Tendon rest length showed no significant main effect of time (p = 0.784) and no time-by-group interaction effect (p = 0.734) (Table 3).

Morphological Properties

Mean Achilles tendon CSA did not significantly differ at baseline between the three groups (p = 0.253). From PRE to POST, there was a significant time effect (p = 0.021; f = 0.38) and a significant time-by-group interaction effect (p = 0.002; f = 0.62) for the mean Achilles tendon CSA. Post hoc analysis showed tendon hypertrophy across the whole tendon length (i.e., mean tendon CSA) for the high-load group from PRE to POST (8.98 ± 5.8%, p < 0.001). There were no mean tendon CSA changes from PRE to POST for the passive therapy (p = 0.681) and Alfredson (p = 0.765) group (Fig. 5).

Fig. 5
figure 5

Cross-sectional area (CSA) values (mm2) of the symptomatic Achilles tendon measured by magnetic resonance imaging (MRI) at baseline (PRE) and after the 12-week intervention phase (POST) for each intervention group (Passive therapy n = 13, Alfredson n = 15, High-load n = 14). Data are presented as CSA values measured in 10% increments tendon length from distal to proximal alongside the free Achilles tendon and the total free Achilles tendon CSA mean ± standard deviation. * indicates significant post hoc difference when compared to the corresponding tendon region in the passive therapy and Alfredson group (p < 0.05). * indicates significant post hoc difference when compared to PRE (p < 0.05)

VISA-A Score

At baseline, the VISA-A score did not significantly differ between groups (p = 0.496) (Table 1). From PRE to POST, there was a significant main effect of time for the VISA-A score (p < 0.001; f = 1.34) with an overall clinically significant mean increase of 19.8 ± 15.3 pts. (Passive therapy group: 16.9 ± 14.7 pts., Alfredson group: 17.9 ± 16.4 pts., High-load group: 24.4 ± 15.0 pts.) and no significant time-by-group interaction effect (p = 0.375). From PRE to FOLLOW-UP, there was a significant main effect of time for the VISA-A score (p < 0.001; f = 1.25) with an overall clinically significant mean increase of 22.7 ± 18.4 pts. and no significant time-by-group interaction effect (p = 0.869) (Fig. 6). From POST to FOLLOW-UP, the VISA-A score did not significantly change (main effect of time: p = 0.168; time-by-group interaction effect: p = 0.412).

Fig. 6
figure 6

Victorian Institute of Sport Assessment (VISA)—Achilles (A) score at baseline (PRE), after the 12-week intervention period (POST) (Passive therapy n = 14; Alfredson n = 15; High-load n = 15) and 6 months after POST (FOLLOW-UP) (Passive therapy n = 14; Alfredson n = 13; High-load n = 13) for the three intervention groups measured in points (pts.) from 0 to 100. The horizontal line in the middle of the box is the median value of the scores, and the lower and upper boundaries indicate the 25th and 75th percentiles, respectively (median included). The largest and smallest observed values that are not outliers are shown by the lines drawn from the ends of the box to those values (whiskers). * indicates significant difference (p < 0.05) compared to PRE as a significant main effect of time

Pain

At baseline, average pain did not significantly differ between groups (p = 0.957). From PRE to POST, there was a significant main effect of time (p < 0.001; f = 0.66) and no significant interaction effect (p = 0.166) demonstrating a significant reduction in pain for all three groups by −0.55 ± 0.9 NRS pts. (Table 2).
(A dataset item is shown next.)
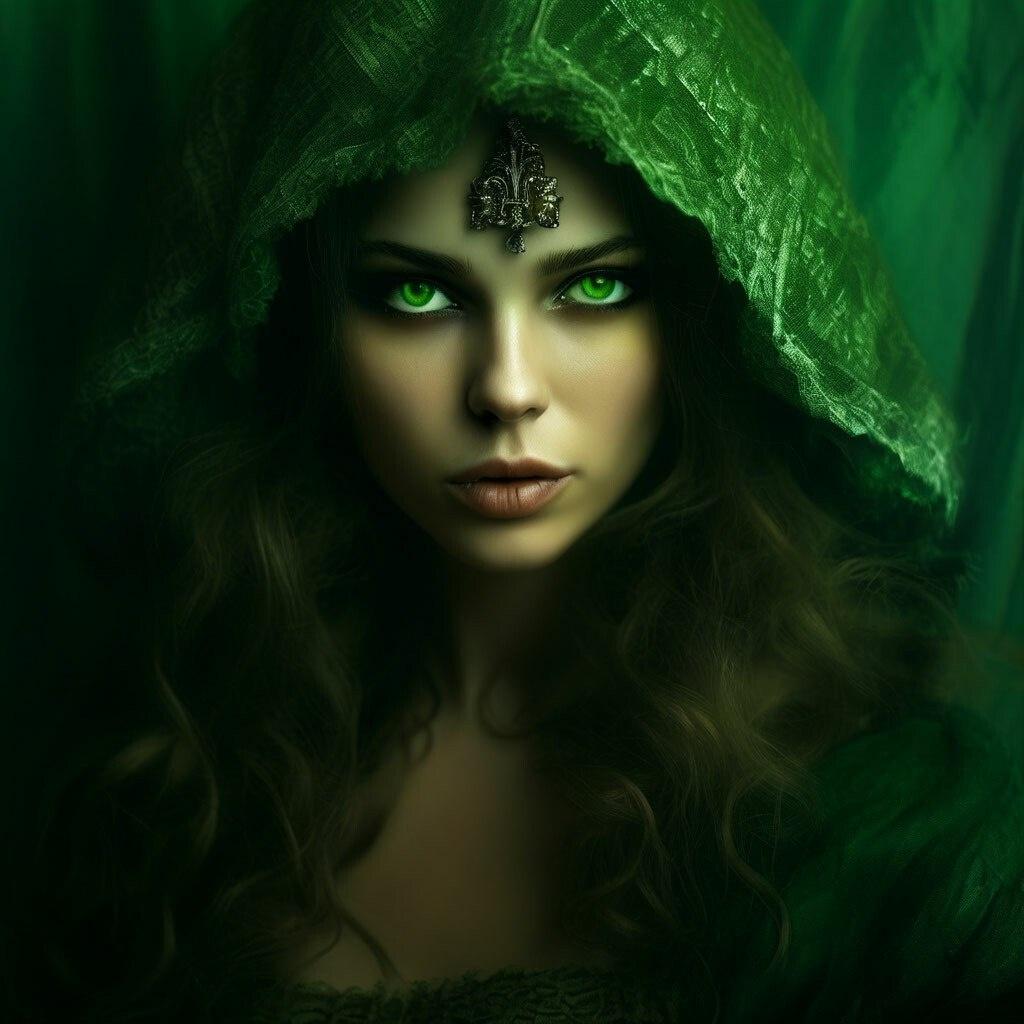 Зеленая ведьма предстает в этих фото как посредница между миром людей и силами природы. Художники используют зеленые тона во всех оттенках, чтобы передать связь с лесом и его обитателями. Каждая композиция рассказывает историю о древних знаниях, целительстве и уважении к природным циклам. Особое внимание уделяется деталям: травам в волосах, рунам на коже и животным-спутникам. Эти иллюстрации демонстрируют, как магия может сочетаться с заботой о мире, а сила - с мудростью.

Table 2 Pain and weekly exercise activity level at baseline (PRE) and after completion of the 12-week intervention phase (POST) for the three intervention groups based on the training diary

Secondary Outcomes

Jump Performance

At baseline, there were no significant differences between groups for the CMJ (p = 0.762) and DJ (p = 0.659). From PRE to POST, there was a significant time effect (p = 0.005; f = 0.47) and no time-by-group interaction effect (p = 0.219) for CMJ height showing an overall decrease of −0.63 ± 4.07 cm. From PRE to POST, there was no significant time effect (p = 0.319) and no time-by-group interaction effect (p = 0.820) for DJ height (Table 3).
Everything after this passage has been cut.